Each paper addresses a different layer of the agent stack:
| Paper | Main Problem | Agent Capability |
|---|---|---|
| InfoPO | How should agents learn from user interaction? | User-centric interaction |
| MindFlow | How should agents generate open-ended ideas? | Structured reasoning and ideation |
| AOrchestra | How should agents coordinate complex tasks? | Dynamic sub-agent orchestration |
| InteractComp | How should search agents handle ambiguity? | Interactive search evaluation |
| AutoWebWorld | How should web agents be trained and evaluated? | Verifiable web environments |
Together, these works suggest that future agents need more than stronger language models. They need better interaction policies, better reasoning processes, better orchestration mechanisms, better evaluation benchmarks, and better environments for training and verification.
In this view, an agent is not just a model that responds to prompts.

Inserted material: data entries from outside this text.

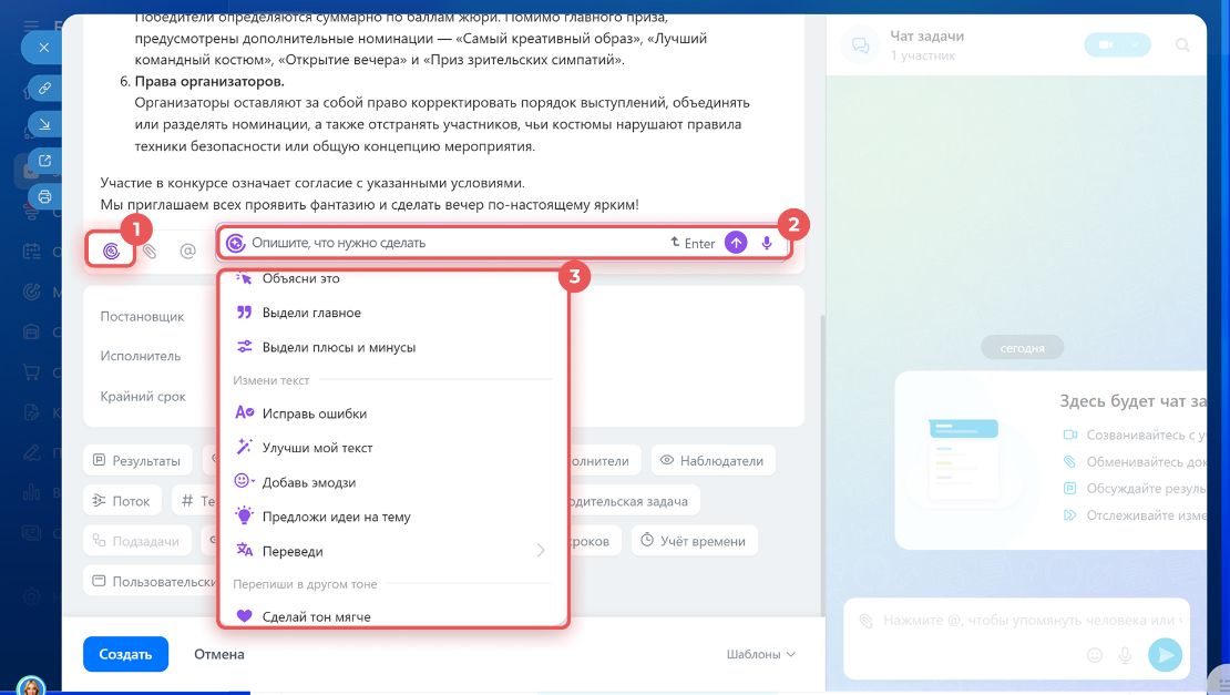 Достаточно набросать ключевые пункты в задаче, а AI сам доработает их до полноценного и детального описания. Можно не переживать за стиль и грамотность - помощник отредактирует текст, исправив все неточности.
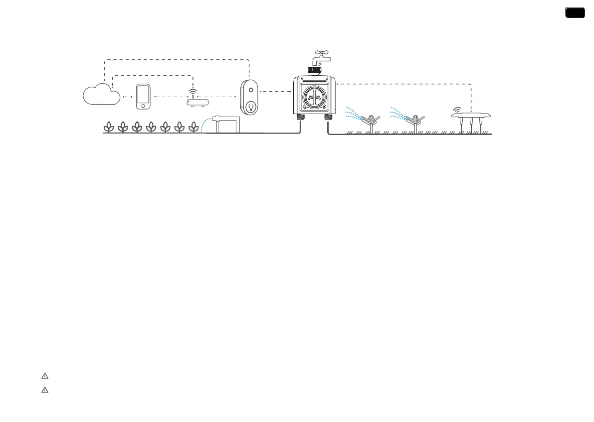 6) Automatic Watering: ① When the WiFi timer is connected to the WiFi soil sensor (not included), it can automatically irrigate or stop according to
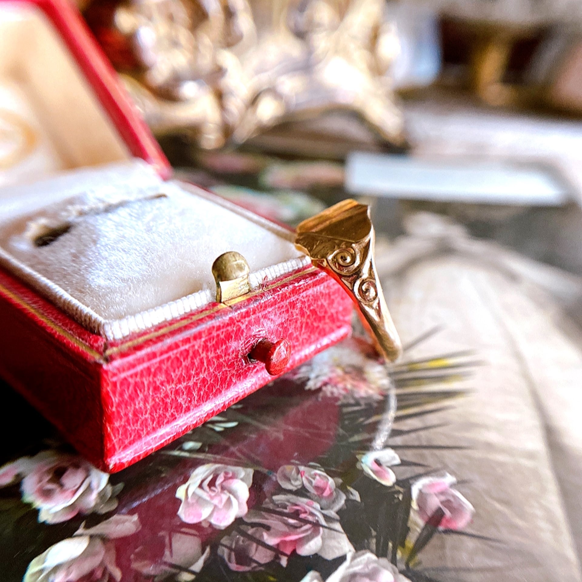 通常のシグネットリングはトップにイニシャルやファミリークレストの彫金がされているだけですが、こちらのリングはモノグラムが入っていませんが、フェイスの1/3からショルダーにかけて唐草模様の彫金がデザインさ、フラットでスベスベした艶やかなゴールドが美しく、落ち着きのある雰囲気が素敵なひと品です。
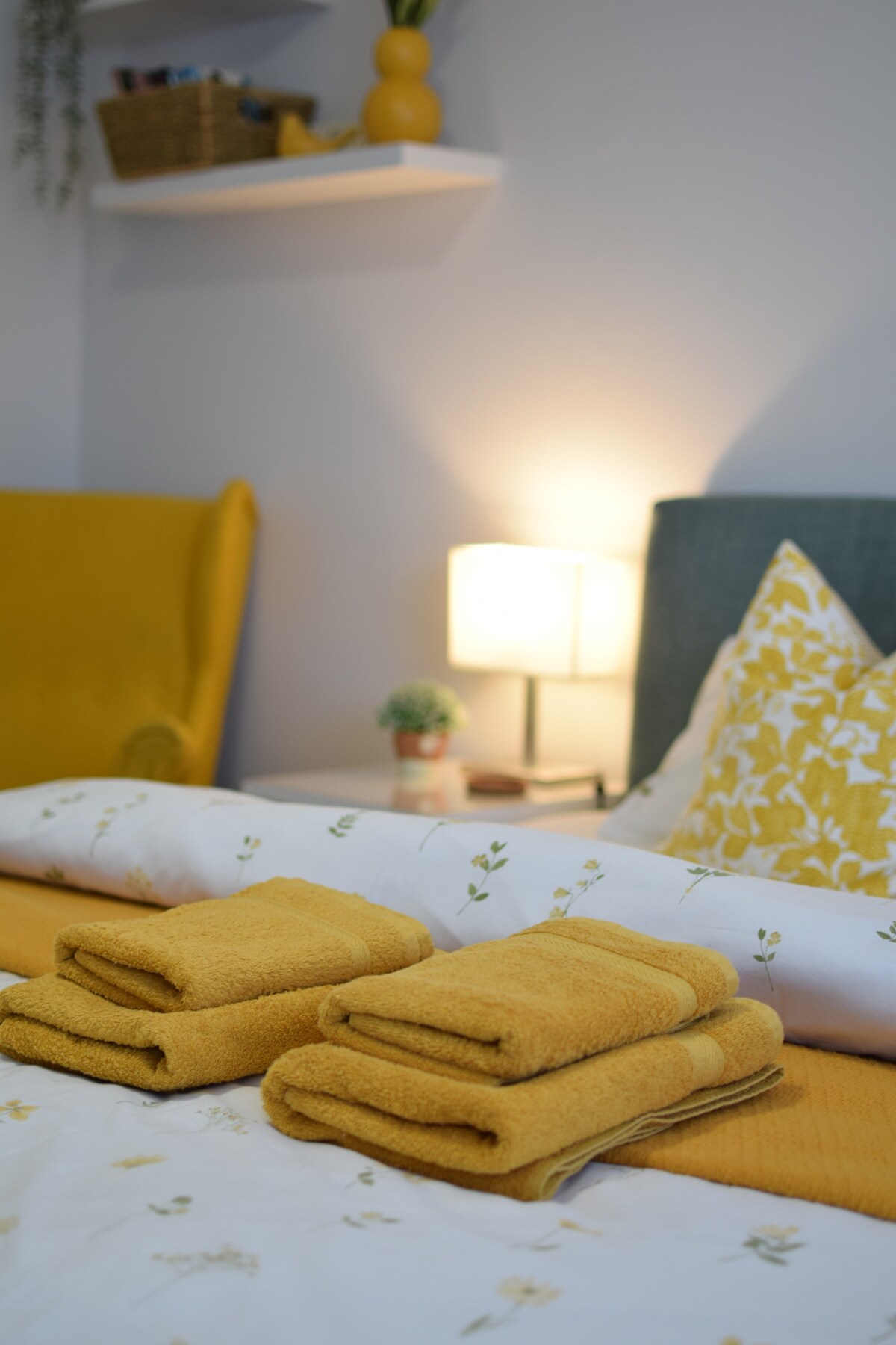 Modernly designed apartment ideal for couples or business travelers who want comfort, peace and proximity to the city. A spacious living room with a comfortable sofa, a smart TV and a work desk, ideal for relaxation or a productive work environment. Fully equipped modern kitchen with all necessary appliances and utensils for preparing meals. A comfortable bedroom with a double bed and luxurious bedding. Discreet ambient lighting contributes to a relaxing atmosphere.
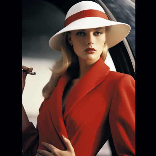 blonde girl wearing tight red dress and round hat, with white scarf and smoking cigar, dress style 1930, helmut newton style, realistic photo

It is a system that can manage uncertainty, gather information, decompose work, select tools, verify progress, and adapt its behavior to the task.
Looking Ahead
Having five papers accepted to ICML 2026 is an important milestone for our team.
More importantly, these papers reflect the direction we are pursuing: building agents that are adaptive, interactive, modular, and evaluatable.
We are grateful to all researchers, collaborators, institutions, universities, and industry partners involved in these works. We look forward to sharing more details at ICML 2026 in Seoul.